# Provable Optimization with Microsoft Z3

A few months ago, some coworkers sent around a Ruby challenge. It appears simple, but we can sometimes learn a lot from simple problems.

Write a Ruby program that determines the smallest three digit number such that when said number is divided by the sum of its digits the answer is 20.

In case that’s not clear, let’s pick a number, say, 123. The sum of the digits of 123 is 6, and 123/6 = 20.5, so 123 is not a solution. What is?

Here’s some Ruby code I wrote to solve it:

```
def digitSum(num, base = 10)
num.to_s(base).split(//).inject {|z, x| z + x.to_i(base)}
end
def solution
(100..999).step(20).reject {|n| n / digitSum(n) != 20 }.first
end
puts solution
```

Problem solved, right?

Well, no. For starters, it doesn’t even execute. There’s a really subtle type error in this code. You probably have to be fairly good with Ruby to figure out why without actually running it. Even when fixed, the cognitive overhead for understanding the code to even a simple problem is very high! It doesn’t look like the problem specification at all.

Does this version, when the bug is fixed, actually produce a correct answer to the problem? Does it even produce an incorrect solution? It’s not quite clear.

So maybe my solution isn’t so good. But one of my colleagues had an interesting solution:

```
def the_solution
180
end
```

Well, that looks really, really efficient, and it typechecks. But is it the correct answer? Will you know, six months down the road, what question it’s even trying to answer? Tests would help, but the word “smallest” in the problem turns out to be tricky to test well. Do you want methods like this in code you maintain?

## The Best of Both Worlds

Is there a solution which is as efficient as just returning 180 but which also proves that 180 is, in fact, the correct solution to the problem? Let’s encode the specification for the problem in a pure specification language, SMT-LIB:

```
(define-fun matches-problem ((n Int)) Bool
(and
(>= n 100)
(< n 1000) ; three digits
(= 20.0 (/ n (digit-sum n)))))
```

Z3/SMT-LIB doesn’t ship with a `digit-sum`

function, so I had to write that. You can find that code in the full solution, below.

That’s most of the problem, but not quite all. We also have to show that this is the smallest solution. So let’s also `assert`

that there exists a “smallest” solution, which means that any other solution is larger:

```
(declare-const num Int)
(assert
(and
(matches-problem num) ; "num" is a solution
(forall ((other Int))
(implies (matches-problem other) (>= other num))) ; any "other" solution is larger
))
```

Now let’s ask Z3 if this specification even makes sense, and if it could be reduced into something more efficient:

```
(check-sat)
(get-model)
```

And Z3 replies…

```
sat
(model
(define-fun num () Int
180)
)
```

A round of applause for the theorem prover, please! To see the full solution, try it yourself without installing anything.

One interesting point here: The output language is SMT-LIB, just like the input language. The “compile” transforms a provably consistent and more obviously correct specification into an more efficient representation of the answer in the same language as the input. This is especially useful for problems which do not have a single answer. Z3 can return a function matching a specification as easily as it can return an integer.

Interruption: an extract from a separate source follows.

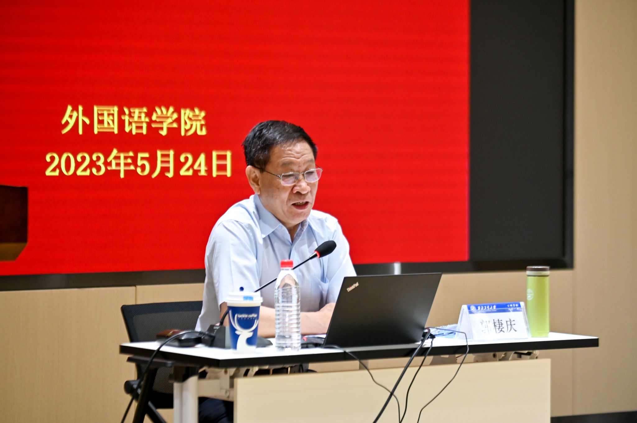 讲座主要围绕“学好外语”展开。郭教授从自己与西安的缘分讲起,逐渐拉近与同学们的距离。他援引习近平总书记和周恩来总理对英语专业学生的期待,提出英语学习者要注重培养专业本领、家国情怀和全球视野,用外语传递中国思想、中国声音和中国方案。随后,郭教授结合自己从学生成长为英语教师过程中与英语“相爱相杀”的经历,强调学习英语要有动力、掌握规律、讲究方法。一是要有学习动力,兴趣和需求缺一不可;二是要树立自信心和保有危机感;三是听说读写译是有机整体,须同步提升,不可偏废;四是要将语言学习和文学相结合;五是要将苦学与巧学相结合,尽可能利用条件和机会接触英语、感受英语。最后,郭教授寄语同学们要学好外语、用好外语,心系民族国家,服务人民。

What does it mean when I ask “if this specification even makes sense?” Well, let’s say I don’t like the number 180. I can exclude it with an additional `assert`

:

`(assert (> num 180))`

This time, when I check-sat, Z3 replies unsat, meaning the model is not satisfiable, which means there’s definitely no solution. So 180 is not only the smallest solution to the original problem, it turns out to be the unique solution.

Formal methods can show that your problem specifications are consistent and that your implementation is correct, and they can also guarantee that “extreme” optimizations are correct. This turns out to be really useful in real-world problems.